All R code should be available from your Rmarkdown file, but does not need to be shown in the body of the report! Use the chunk option
echo=FALSE to exclude code from appearing in your write-up when necessary. In addition to your Rmarkdown, you should turn in the write-
up as either a pdf document or an html file (both are acceptable).
All files should be submitted electronically via GauchoSpace. See course syllabus for submission instructions.
In this project, we will study and analyze the Untied States county-level census data and county-level education data. In particular, our target would
be to build and evaluate statistical machine learning models to understand some of the potential causes of poverty.
Data
Census data
We essentially start with the 2017 United States county-level census data, which is available here. This dataset contains many demographic
variables for each county in the U.S.
We load in and clean the census dataset by transforming the full state names to abbreviations (to match the education dataset in later steps).
Specifically, R contains default global variables state.name and state.abb that store the full names and the associated abbreviations of the
50 states. However, it does not contain District of Columbia (and the associated DC ). We added it back manually since census contains
information in DC. We further remove data from Purto Rico to ease the visualization in later steps.
state.name <- c(state.name, "District of Columbia")
state.abb <- c(state.abb, "DC")
## read in census data
census <- read_csv("./acs2017_county_data.csv") %>% select(-CountyId, -ChildPoverty, -Income, -IncomeErr, -Income
PerCap, -IncomePerCapErr) %>%
mutate(State = state.abb[match(`State`, state.name)]) %>%
filter(State != "PR")
Followings are the first few rows of the census data. The column names are all very self-explanatory:
Education data
We also include the education dataset, available at Economic Research Service at USDA. The dataset contains county-level educational
attainment for adults age 25 and older in 1970-2019. We specifically use educational attainment information for the time period of 2015-2019.
To clean the data, we remove uninformative columns (as in FIPS Code , 2003 Rural-urban Continuum Code , 2003 Urban Influence Code ,
2013 Rural-urban Continuum Code , and 2013 Urban Influence Code ). To be consistent with census data, we exclude data from Purto
Rico and we rename Area name to County in order to match that in the census dataset.
## read in education data
education <- read_csv("./education.csv") %>%
filter(!is.na(`2003 Rural-urban Continuum Code`)) %>%
filter(State != "PR") %>%
select(-`FIPS Code`,
-`2003 Rural-urban Continuum Code`,
-`2003 Urban Influence Code`,
-`2013 Rural-urban Continuum Code`,
-`2013 Urban Influence Code`) %>%
rename(County = `Area name`)
Preliminary data analysis
1. (1 pts) Report the dimension of census . (1 pts) Are there missing values in the data set? (1 pts) Compute the total number of distinct
values in State in census to verify that the data contains all states and a federal district.
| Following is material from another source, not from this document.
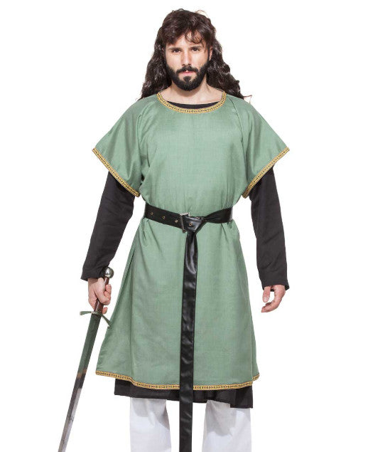 Prove your worth when you embark on your next adventure wearing the Medieval Huntsman Tunic. Made of light but sturdy linen, this light green reenactment tunic features roomy elbow sleeves and a slightly flared length for easy mobility and style. Ending near the knees on most wearers, this staple reenactment garment is based on historical styles, featuring a scoop neckline and colorful golden embroidery trimming its hems. Great for wearing during warmer months or layering over a long sleeve underdress, as shown here, this versatile tunic works well for a variety of characters, from rugged woodsmen to wealthy nobility. Accentuate with your favorite leather belt, not included, and you will be ready to run off to your next reenactment adventure, Renaissance festival, or medieval themed LARP event.

2. (1 pts) Report the dimension of education . (1 pts) How many distinct counties contain missing values in the data set? (1 pts)
Compute the total number of distinct values in County in education . (1 pts) Compare the values of total number of distinct county in
education with that in census . (1 pts) Comment on your findings.
Data wrangling
3. (2 pts) Remove all NA values in education , if there is any.
4. (2 pts) In education , in addition to State and County , we will start only on the following 4 features:
Less than a high school diploma, 2015-19 , High school diploma only, 2015-19 ,
Some college or associate's degree, 2015-19 , and Bachelor's degree or higher, 2015-19 . Mutate the education dataset by
selecting these 6 features only, and create a new feature which is the total population of that county.
5. (3 pts) Construct aggregated data sets from education data: i.e., create a state-level summary into a dataset named
education.state .
6. (4 pts) Create a data set named state.level on the basis of education.state , where you create a new feature which is the name of
the education degree level with the largest population in that state.
Visualization
Visualization is crucial for gaining insight and intuition during data mining. We will map our data onto maps.
The R package ggplot2 can be used to draw maps. Consider the following code.
states <- map_data("state")

ggplot(data = states) +
geom_polygon(aes(x = long, y = lat, fill = region, group = group),
color = "white") +
coord_fixed(1.3) +
guides(fill=FALSE) # color legend is unnecessary for this example and takes too long
The variable states contain information to draw white polygons, and fill-colors are determined by region .
7. (6 pts) Now color the map (on the state level) by the education level with highest population for each state. Show the plot legend.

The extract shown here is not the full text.